Yeah Allen, Diana named at least three if memory serves. I think one of em was some kind of lettuce. Special sealed chambers where the smoke would be thick and the high would be legendary.
I believe that there is a principle to everything, and that the purpose of everything is to function according to the way of that natural principle.
The basic principle of all things is to exist in a natural state of harmony.
In the cosmos above and around us; there is a natural tendency for all things to exist and co-exist in a natural state of harmony.
Davy, wouldn't the fact that humans are causing the extinction of thousands of species, refute these lofty sentiments.
Consider the photo below. It’s the largest iron mine in the world—right smack in the middle of the Amazon Rain Forest.
I can't say that God or religion ever gave my life any purpose or meaning. If anything, atheism emancipated me from all that useless superstitious baggage. Whatever meaning and purpose I have in my life is entirely the result of my own thoughts and actions.
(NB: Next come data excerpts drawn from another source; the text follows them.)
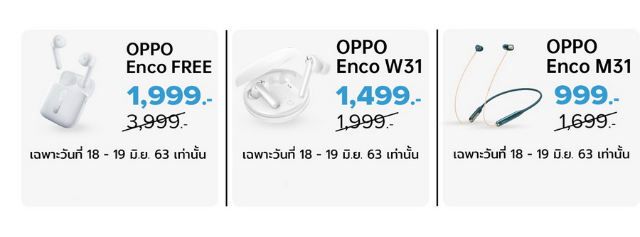- OPPO Enco W31 พิเศษ 1,499 บาท จากปกติ 1,999 บาท
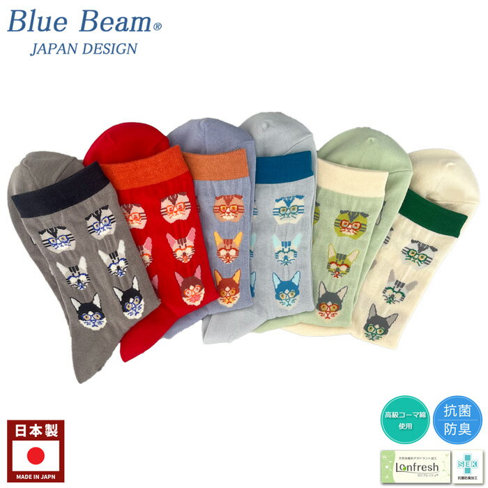レディース カジュアルソックス 日本製 靴下 ねこ 顔 めがね クルーソックス クルー丈 丈長め スニーカー 5色 くつ下 23〜25cm 23-25 23 24 25 かわいい おしゃれ カラフル 抗菌 防臭 綿 送料無料 コスプレ 仮装 メンカラ レッド グレー ブルー グリーン パープル 白
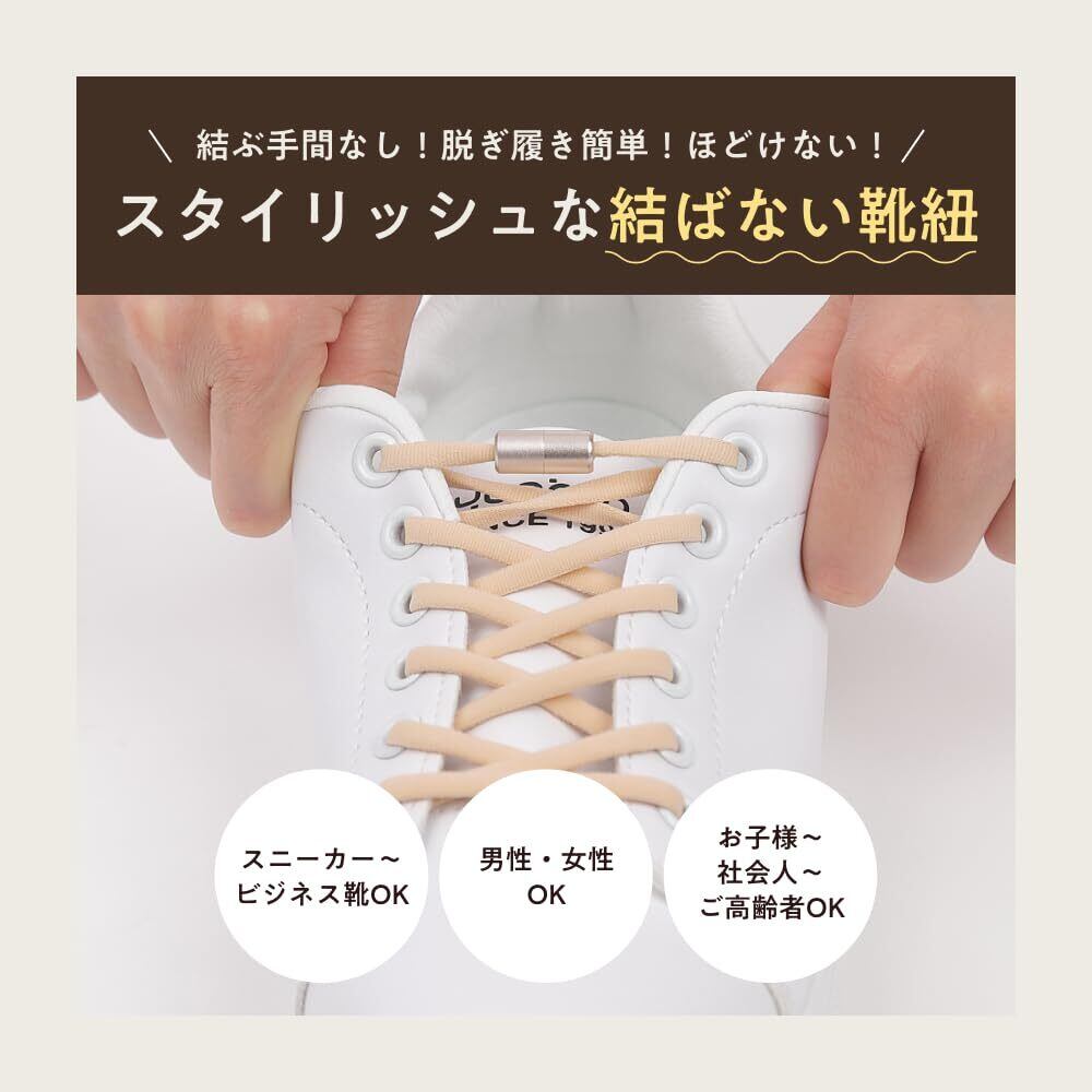 【豊富なカラーで足元を彩る!簡単イメチェン】白、黒などの定番色に限らず、16色の豊富なカラーバリエーションをご用意。 スニーカーの色に合わせて選んだり、あえて差し色にしたりと、気分やファッションに合わせて手軽に足元の印象を変えられます。結び目がないスタイリッシュな見た目 で、おしゃれ度もアップ。

"Meaning," "purpose," to the extent that those terms apply to the range of one's own life connote what we highly value or value more than anything else we might value. As such I not only don't see why atheists cannot have a meaning or purpose in life, but I would also argue that they are uniquely positioned to have more authentic meanings and purposes for their lives than theists. The meaning and purposes of the lives of theists are often prescribed for them by their religion and as such they are obligated to adopt those meanings and purposes (values) as opposed to discovering them for themselves. Atheists don't have to follow any external prescription and are, therefore, more likely to be authentic about what gives their lives meaning and purpose.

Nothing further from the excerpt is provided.